Initialize the Pipeline
from aixplain.enums import DataType
from aixplain.factories import PipelineFactory
from aixplain.modules import Pipeline
pipeline = PipelineFactory.init(name="RAG Pipeline")
Add Pipeline Nodes
Input Node
question_input = pipeline.input()
question_input.label = "QuestionInput"
Google Search Node
Add the Google Search Utility as an asset node to retrieve contextually relevant web content based on the user's query.
GOOGLE_SERP_ASSET = "65c51c556eb563350f6e1bb1"
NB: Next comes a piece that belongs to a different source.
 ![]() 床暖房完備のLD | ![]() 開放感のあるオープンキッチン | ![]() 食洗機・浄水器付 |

search_node = pipeline.search(asset_id=GOOGLE_SERP_ASSET)
Script Node
When designing the script node, make sure the input parameters have the same name as depicted in the Python script, i.e. question_data
and context_data
.
script = pipeline.script(script_path="script.py")
script.label = "ContextGeneratorScript"
script.inputs.create_param(code="question_data", data_type=DataType.TEXT)
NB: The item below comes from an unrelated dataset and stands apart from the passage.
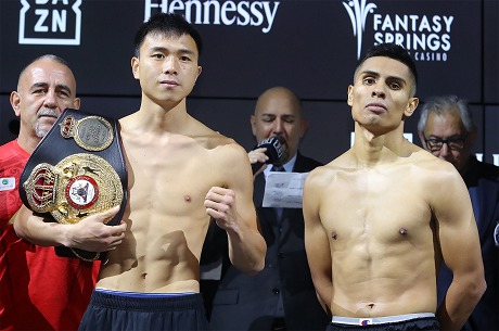 セミ格ではWBA世界フェザー級“レギュラー”王者シュ・ツァン(中国)が2度目の防衛戦。挑戦者はマニー・ロブレスⅢ(米)。戴冠試合と同じくマイアミのキューバ人トレーナー、ペドロ・ディアスに師事して調整したツァンは125.6ポンド(56.97キロ)を計測。ヘビー級王者アンディ・ルイスJrのトレーナー、マニー・ロブレスの息子のロブレスは計量1回目126.4ポンドだったがリミットの126ポンド(57.15キロ)に落とし事なきを得た。Photos/Tom Hogan-Hoganphotos/Golden Boy

script.inputs.create_param(code="context_data", data_type=DataType.TEXT)
script.outputs.create_param(code="data", data_type=DataType.TEXT)
Text Generation (LLM) Node
Use OpenAI's GPT 4o Minias the text generation model to produce responses based on the formatted prompt.
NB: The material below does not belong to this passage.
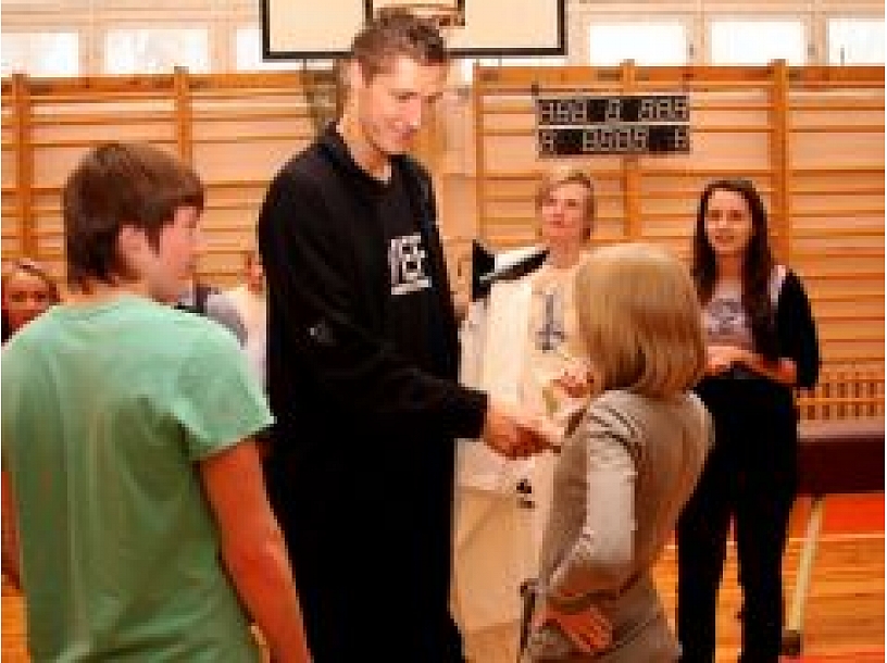 Basketbolists Kaspars Bērziņš viesojas Ogres ģimnāzijā (galerija)

OPENAI_GPT4O_MINI_ASSET = "669a63646eb56306647e1091"
llm_node = pipeline.text_generation(asset_id=OPENAI_GPT4O_MINI_ASSET)
Link the Nodes
# Question Input -> Search
question_input.outputs.input.link(search_node.inputs.text)
# Question Input -> Script
question_input.outputs.input.link(script.inputs.question_data)
# Search -> Script
search_node.outputs.data.link(script.inputs.context_data)
# Script -> LLM
script.outputs.data.link(llm_node.inputs.text)
# LLM -> Output
llm_node.use_output("data")
Save the Pipeline
pipeline.save(save_as_asset=True)
Run the Pipeline
response = pipeline.run("Who is the author of 'Sargento Getulio'?", **{ "version": "3.0" })
response
Delete the Pipeline (Optional)
If the pipeline is no longer needed, it can be deleted.
pipeline.delete()
Script Nodes provide a flexible way to incorporate custom processing within aiXplain pipelines. They allow developers to:
- Modify intermediate outputs.
- Format and structure data before passing it to the next node.
- Implement custom logic within AI-driven workflows.
By leveraging Script Nodes, you can enhance the capabilities of aiXplain pipelines for a variety of use cases.